American college football season

The 2000 Minnesota Golden Gophers football team represented the University of Minnesota as a member of the Big Ten Conference the 2000 NCAA Division I-A football season. In their fourth year under head coach Glen Mason, the Golden Gophers compiled an overall record of 6–6 with a mark of 4–4 in conference play, placing in a three-way tie for fifth in the Big Ten, and outscored opponents 375 to 318. Minnesota was invited to the MicronPC.com Bowl, where the Golden Gophers lost NC State. The team played home games at the Hubert H. Humphrey Metrodome in Minneapolis.

==Schedule==

| Date | Time | Opponent | Rank | Site | TV | Result | Attendance | Source |
| September 2 | 11:00 am | Louisiana–Monroe* |  | Hubert H. Humphrey Metrodome; Minneapolis, MN; | MSC | W 47–10 | 40,183 |  |
| September 9 | 1:30 pm | Ohio* |  | Hubert H. Humphrey Metrodome; Minneapolis, MN; |  | L 17–23 | 41,637 |  |
| September 16 | 11:30 am | at Baylor* |  | Floyd Casey Stadium; Waco, TX; | FSN | W 34–9 | 20,125 |  |
| September 23 | 11:00 am | at No. 21 Purdue |  | Ross–Ade Stadium; West Lafayette, IN; | ESPN | L 24–38 | 67,425 |  |
| September 30 | 11:00 am | No. 22 Illinois |  | Hubert H. Humphrey Metrodome; Minneapolis, MN; | ESPN | W 44–10 | 44,462 |  |
| October 7 | 11:00 am | Penn State |  | Hubert H. Humphrey Metrodome; Minneapolis, MN (Governor's Victory Bell); | ESPN2 | W 25–16 | 44,439 |  |
| October 14 | 11:00 am | at No. 6 Ohio State |  | Ohio Stadium; Columbus, OH; | ESPN2 | W 29–17 | 98,120 |  |
| October 21 | 1:00 pm | at Indiana | No. 22 | Memorial Stadium; Bloomington, IN; |  | L 43–51 | 30,882 |  |
| October 28 | 11:00 am | No. 23 Northwestern |  | Hubert H. Humphrey Metrodome; Minneapolis, MN; | ESPN2 | L 35–41 | 59,004 |  |
| November 4 | 11:00 am | Wisconsin |  | Camp Randall Stadium; Madison, WI (rivalry); | ESPN2 | L 20–41 | 79,171 |  |
| November 18 | 11:00 am | Iowa |  | Hubert H. Humphrey Metrodome; Minneapolis, MN (rivalry); | ESPN Plus | W 27–24 | 54,387 |  |
| December 28 | 6:00 pm | vs.
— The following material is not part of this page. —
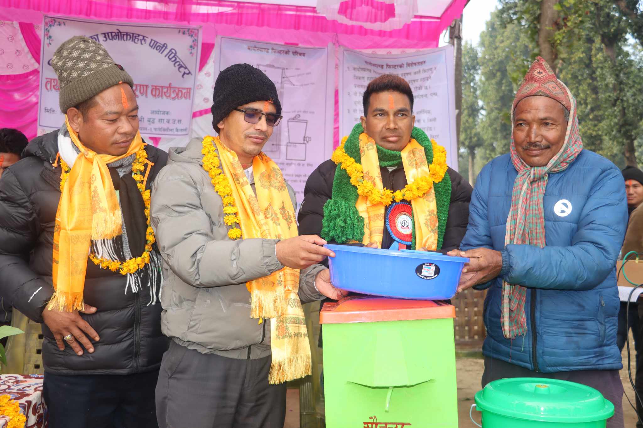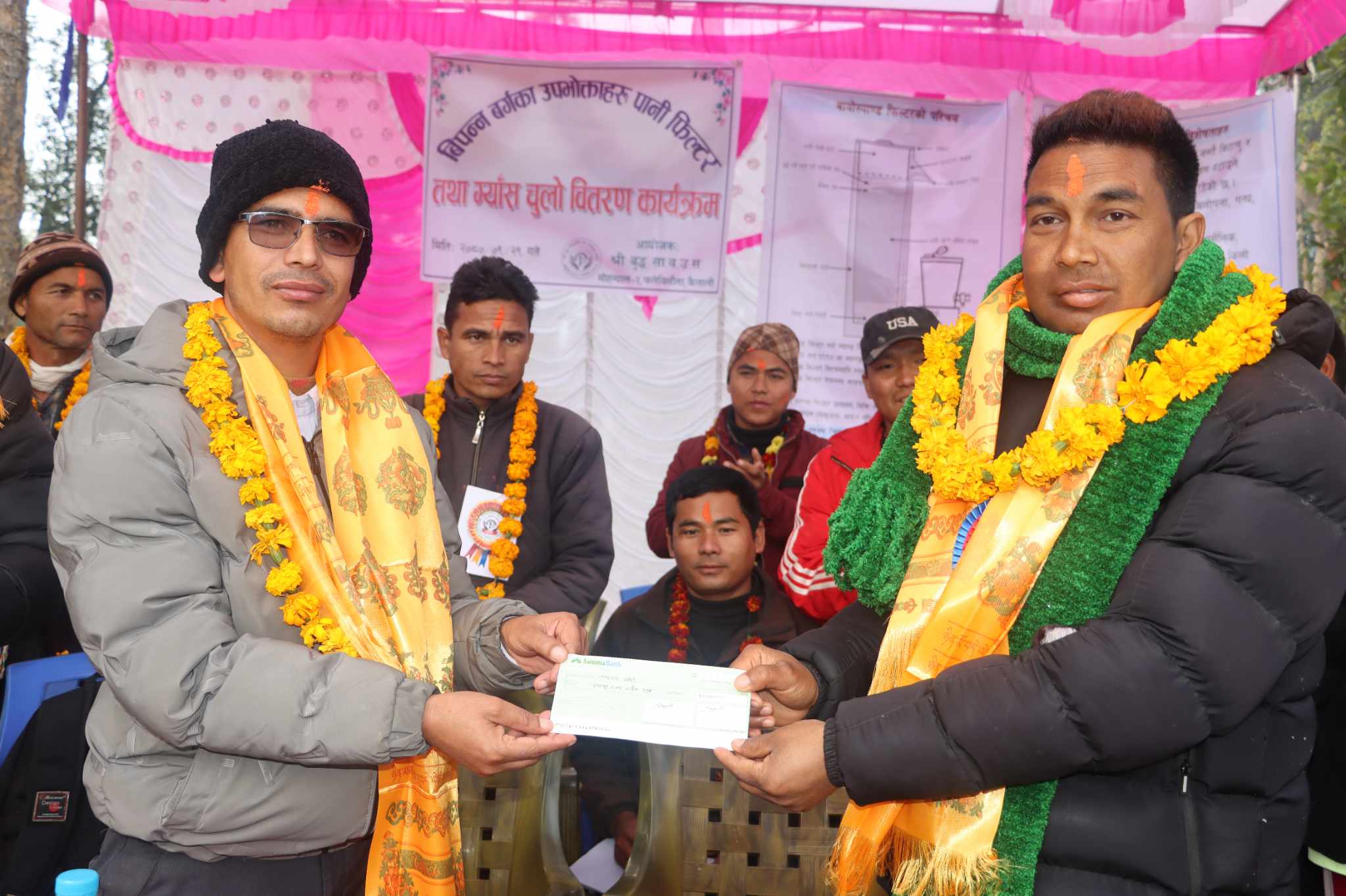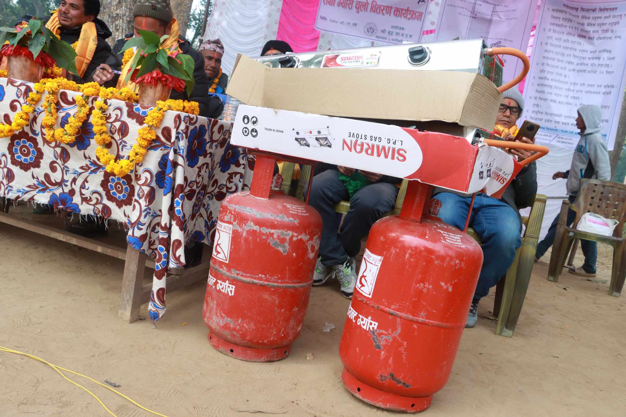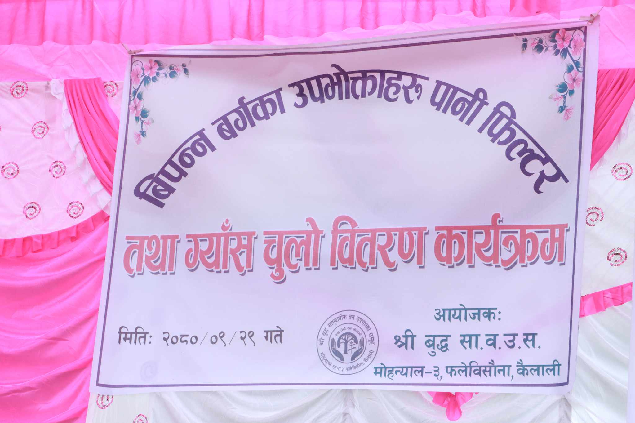 कैलाली । कैलाली जिल्लाको मोहन्याल गाउँपालिका वडा नं ३ फलेविसौनाका विपन्न वर्गका परिवारलाई पानी छान्ने फिल्टर र ग्याँस चुलो सिलिण्डर वितरण गरिएको छ । बुद्ध सामुदायीक वन उपभोक्ता समूहको आर्थिक सहयोगमा गाउँपालिका अध्यक्ष देविदत्त उपाध्याय (हिमशिखर) काे प्रमूख आथित्यमा वितरण गरिएको हो । सामुदायीक वन उपभोक्ता समूहकी सचिव भीम कला थापा मगरले स्वागत मन्तव्य गरेको कार्यक्रममा ५० घरपरिवार परिवारलाई पानी फिल्टर वितरण गरीएको छ भने ५० घर परिवारलाई ग्यास चुलो सिलिण्डर वितरण गरिएको कार्यक्रमका सभापति बुद्ध सामुदायीक वन उपभोक्ता समूहका अध्यक्ष जंग बहादुर बगालेले बताए ।

NC State* |  | Pro Player Stadium; Miami Gardens, Florida (MicronPC.com Bowl); | TBS | L 30–38 | 28,359 |  |
*Non-conference game; Rankings from AP Poll released prior to the game; All times are in Central time;

==Rankings==

Ranking movements Legend: ██ Increase in ranking ██ Decrease in ranking — = Not ranked
Week
Poll: Pre; 1; 2; 3; 4; 5; 6; 7; 8; 9; 10; 11; 12; 13; 14; 15; Final
AP: —; —; —; —; —; —; —; —; 22; —; —; —; —; —; —; —; —
Coaches: —; —; —; —; —; —; —; —; 23; —; —; —; —; —; —; —; —
BCS: Not released; —; —; —; —; —; —; —; Not released

==Game summaries==
===At No. 6 Ohio State===

Minnesota snapped a 16-game losing streak to Ohio State and beat Glen Mason's alma mater in Columbus for the first time since 1949.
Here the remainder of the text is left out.